TensorFlow I/O is a collection of file systems and file formats that are not available in TensorFlow's built-in support. A full list of supported file systems and file formats by TensorFlow I/O can be found here.

The use of tensorflow-io is straightforward with keras. Below is an example to Get Started with TensorFlow with the data processing aspect replaced by tensorflow-io:

import tensorflow as tf
import tensorflow_io as tfio

# Read the MNIST data into the IODataset.
dataset_url = "https://storage.googleapis.com/cvdf-datasets/mnist/"
d_train = tfio.IODataset.from_mnist(
    dataset_url + "train-images-idx3-ubyte.gz",
    dataset_url + "train-labels-idx1-ubyte.gz",
)

# Shuffle the elements of the dataset.
d_train = d_train.shuffle(buffer_size=1024)

# By default image data is uint8, so convert to float32 using map().
d_train = d_train.map(lambda x, y: (tf.image.convert_image_dtype(x, tf.float32), y))
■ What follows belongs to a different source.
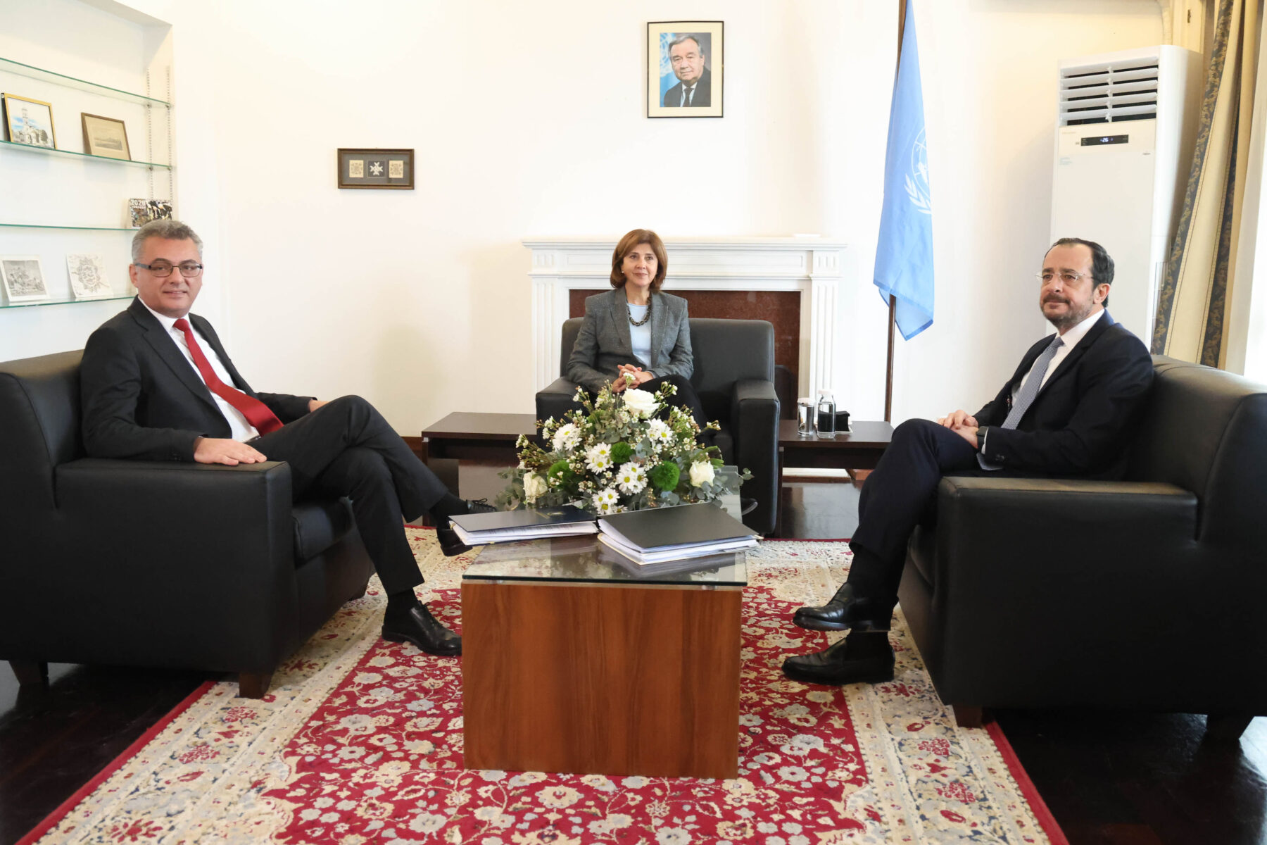 Ξεκίνησε γύρω στις 11.15 η συνάντηση της Προσωπικής Απεσταλμένης του ΓΓ των ΗΕ Μαρία Άνχελα Ολγκίν με τον Πρόεδρο της Δημοκρατίας Νίκο Χριστοδουλίδη και τον ηγέτη των Τουρκοκυπρίων Τουφάν Έρχιουρμαν, στην οικία του Ειδικού Αντιπροσώπου του ΓΓ του ΟΗΕ, στη νεκρή ζώνη στην περιοχή του παλιού αεροδρομίου Λευκωσίας.

# prepare batches the data just like any other tf.data.Dataset
d_train = d_train.batch(32)

# Build the model.
model = tf.keras.models.Sequential(
    [
        tf.keras.layers.Flatten(input_shape=(28, 28)),
        tf.keras.layers.Dense(512, activation=tf.nn.relu),
        tf.keras.layers.Dropout(0.2),
        tf.keras.layers.Dense(10, activation=tf.nn.softmax),
    ]
)

# Compile the model.
model.compile(
    optimizer="adam", loss="sparse_categorical_crossentropy", metrics=["accuracy"]
)

# Fit the model.
model.fit(d_train, epochs=5, steps_per_epoch=200)
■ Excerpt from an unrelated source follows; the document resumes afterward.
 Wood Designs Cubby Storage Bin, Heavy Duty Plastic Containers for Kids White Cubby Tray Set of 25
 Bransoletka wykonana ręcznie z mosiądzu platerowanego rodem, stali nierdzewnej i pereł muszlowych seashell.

In the above MNIST example, the URL's to access the dataset files are passed directly to the tfio.IODataset.from_mnist API call. This is due to the inherent support that tensorflow-io provides for HTTP/HTTPS file system, thus eliminating the need for downloading and saving datasets on a local directory.

NOTE: Since tensorflow-io is able to detect and uncompress the MNIST dataset automatically if needed, we can pass the URL's for the compressed files (gzip) to the API call as is.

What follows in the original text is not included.